Macy (1949) has studied the breast milk Na values on various days.[9] In 1998, Kaplan's paper outlined the course of two infants who died.[1] The first newborn died on day 12 of life after presenting on day 9 with seizures and massive intraventricular, periventricular, and cortical hemorrhages on CT scan with plasma Na concentration of 180 mmol/l. While hypernatremia itself can cause seizure, seizures can itself occur during treatment, especially during fluid resuscitation. Hence, hypernatremic dehydration should be rehydrated slowly. Rapid correction of increased serum Na concentration predisposes to osmotic changes in the brain which can exacerbate the existing cerebral edema. Hence, oral rehydration with expressed BM or direct breastfeed or a fluid rehydration at a rate of 100 ml/kg/day can be done. There are very few protocols for intravenous rehydration. In our hospital, none of the babies had seizures either before or during the treatment.
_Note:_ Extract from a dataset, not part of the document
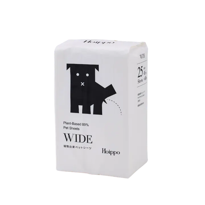 日本国内初*、植物由来原料89% 環境はもちろん愛犬愛猫にも優しいHoippoのペットシーツをリニューアルしました。 第二弾は一年間の試作を経て、速乾性・吸収率共に第一弾より約2倍アップ。 一年間販売してきた中でお客様にいただいたお声を参考に、インクをさらに減らしたエコパッケージにしました。 *自社調べ 商品の特徴 1.植物由来原料採用 ※生分解性100%ではありません 2.CO2の削減に繋がる 3.国産高吸収ポリマー採用 4.四隅にずれ防止シール付き 5.薄型高吸収タイプ 【植物由来原料採用】 通常ペットシーツに使用される石油由来のポリエチレンを使わず、植物由来の生分解性プラスチックであるPLA(ポリ乳酸)をシーツに使用。 植物由来のプラスチックは、通常プラスチックの中で最もCO2の排出が少ないといわれています。 その他、表面にはコットンを使用。愛犬愛猫の触れる部分には全て優しい素材を採用しています。 【高い機能性にこだわりました】 シーツのズレが心配な飼い主の方も安心いただける、四隅にずれ防止シール付き。 国産の高機能ポリマーを採用し配合のバランスを調整。 トイレしたそばから手足がビチャビチャにならない速乾性と吸水性はもちろん必須です。 薄型でかさばらず、持ち運びにも便利です。

Another study from Italy reported that during the 1st day of life, 7.7% of exclusively breast-fed healthy, term, newborn infants present a weight loss exceeding 10%, and in 35% of these, hypernatremia was detected mean for BM Na+ concentrations in their study was 23.05, standard deviation was 1.10, and 95% confidence interval was 20.87 and 25.24. They reported an inverse relation between BM Na+ concentration and infants DBMI. Their study concluded that a high concentration of BM Na+ may be predictive of impending lactation failure, but it is not an indication to interrupt breastfeeding.
Conclusion
Neonatal hypernatremia is not as rare as is commonly believed. Feeding difficulties in the babies can give rise to inadequate BM secretion. Monitoring the mother and baby in the 1st week of life for successful establishment of breastfeeding is essential. In an otherwise healthy baby, poor feeding and weight loss could be a reason to suspect hypernatremia. Neonatal hypernatremia due to BM hypernatremia is now an established entity, and BM Na should be looked for in every neonate with hypernatremia. There is no reason to stop breastfeeding even if the BM Na is high as it decreases as time progresses. Breastfeed still remains crucially beneficial to baby and should be strongly advocated.
The correction was calculated with preillness weight [Tables 3 and 4].[11]
Table 3.
Formula for correction of Hypernatremia
Table 4.
Fluid schedule for Hypernatremic dehydration
The hourly maintenance fluid was calculated in addition to the above-calculated deficiency.
Financial support and sponsorship
Nil.
Conflicts of interest
There are no conflicts of interest.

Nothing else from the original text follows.